Employee pressures HSBC in sexual harassment case
An HSBC worker claims the bank giant denied him a bonus as part of an ongoing campaign of retaliation for speaking out about sexual harassment against a colleague, according to new court papers.
Michael Picarella, 47, sued his employer in Manhattan federal court earlier this year, claiming the firm demoted him after he reported sexual harassment allegations.

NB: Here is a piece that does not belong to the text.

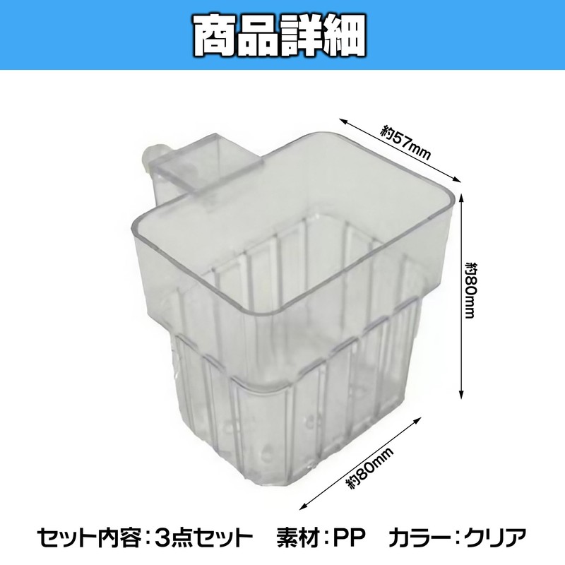 - Set Contents: 3-piece set. Size: Approx. 3.1 x 2.2 x 3.1 inches (80 x 57 x 80 mm). Material: Polypropylene. Color: Clear. *Depending on your monitor settings, there may be slight differences in the appearance of the product

He and another colleague said they raised alarm bells when a supervisor tried to force a female colleague to sleep with a senior banker.
Picarella, a senior vice president with the bank in New York, is seeking to amend his original complaint, saying the UK-based bank continues to take punitive actions, including denying him a bonus, according to a letter filed by his lawyer late Thursday.

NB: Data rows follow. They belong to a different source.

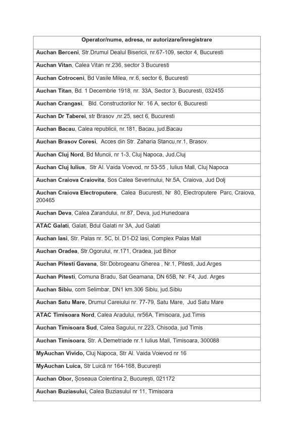 Lista magazinelor de unde a fost retras produsul este următoarea:
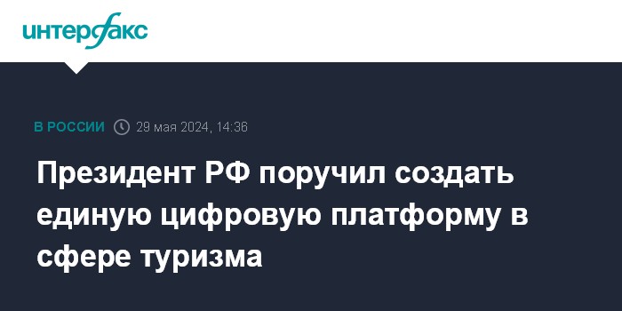 Москва. 29 мая. INTERFAX.RU - Президент России Владимир Путин поручил правительству РФ создать единую цифровую платформу в сфере туризма.
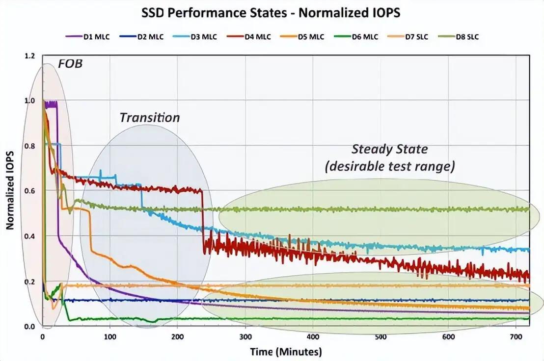 根据 snia pts 的定义,如果一个ssd能进入稳态,那这个最大值与最小值的差,不得超过平均值的 20%。
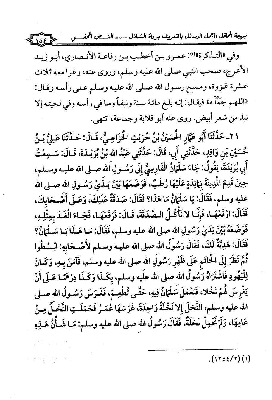 21 - حَدَّثَنَا أَبُو عَمَّارٍ الْحُسَيْنُ بْنُ حُرَيْثٍ الْخُزَاعِيُّ، قَالَ: حَدَّثَنَا عَلِيُّ بْنُ حُسَيْنِ بْنِ وَاقِدٍ، حَدَّثَنِي أَبِي، قَالَ: حَدَّثَنِي عَبْدُ اللهِ بْنُ بُرَيْدَةَ، قَالَ: سَمِعْتُ أَبِي بُرَيْدَةَ، يَقُولُ: جَاءَ سَلْمَانُ الْفَارِسِيُّ إِلَى رَسُولِ اللهِ صلى الله عليه وسلم، حِينَ قَدِمَ الْمَدِينَةَ بِمَائِدَةٍ عَلَيْهَا رُطَبٌ، فَوَضَعَهَا بَيْنَ يَدَيْ رَسُولِ اللهِ صلى الله عليه وسلم، فَقَالَ: يَا سَلْمَانُ مَا هَذَا؟ فَقَالَ: صَدَقَةٌ عَلَيْكَ، وَعَلَى أَصْحَابِكَ، فَقَالَ: ارْفَعْهَا، فَإِنَّا لا نَأْكُلُ الصَّدَقَةَ، قَالَ: فَرَفَعَهَا، فَجَاءَ الْغَدَ بِمِثْلِهِ، فَوَضَعَهُ بَيْنَ يَدَيْ رَسُولِ اللهِ صلى الله عليه وسلم، فَقَالَ: مَا هَذَا يَا سَلْمَانُ؟ فَقَالَ: هَدِيَّةٌ لَكَ، فَقَالَ رَسُولُ اللهِ صلى الله عليه وسلم لأَصْحَابِهِ: ابْسُطُوا ثُمَّ نَظَرَ إِلَى الْخَاتَمِ عَلَى ظَهْرِ رَسُولِ اللهِ صلى الله عليه وسلم، فَآمَنَ بِهِ، وَكَانَ لِلْيَهُودِ فَاشْتَرَاهُ رَسُولُ اللهِ صلى الله عليه وسلم، بِكَذَا وَكَذَا دِرْهَمًا عَلَى أَنْ يَغْرِسَ لَهُمْ نَخْلا، فَيَعْمَلَ سَلْمَانُ فِيهِ، حَتَّى تُطْعِمَ، فَغَرَسَ رَسُولُ اللهِ صلى الله عليه وسلم، النَّخلَ إِلا نَخْلَةً وَاحِدَةً، غَرَسَهَا عُمَرُ فَحَمَلَتِ النَّخْلُ مِنْ عَامِهَا، وَلَمْ تَحْمِلْ نَخْلَةٌ، فَقَالَ رَسُولُ اللهِ صلى الله عليه وسلم: مَا شَأْنُ هَذِهِ

“HSBC should not be allowed to conceal these retaliatory acts simply because they occurred outside the time period to amend the pleading,” Marc A. Susswein, a lawyer for Picarella, wrote in the letter.

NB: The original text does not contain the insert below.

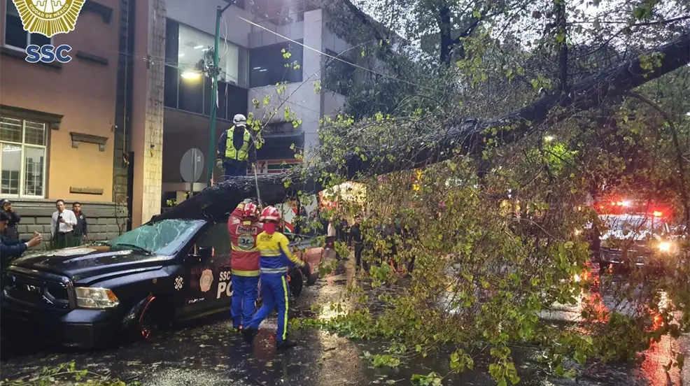 Cae árbol sobre patrulla de la SSC frente a sede policial en la Zona Rosa

HSBC denied Picarella a bonus on March 20 for his work in 2014 even through he has received every bonus every year since he started work at the bank in 2011, according to the proposed amended complaint.
Picarella said the bank also denied him access to the Midtown office where he worked and then cut off his access to the bank’s systems because he “allegedly conveyed confidential HSBC information to third parties not entitled to hold such information in violation of HSBC policies” — a charge the bank “failed to provide any factual basis for,” according to court papers.
An HSBC spokesman declined to comment.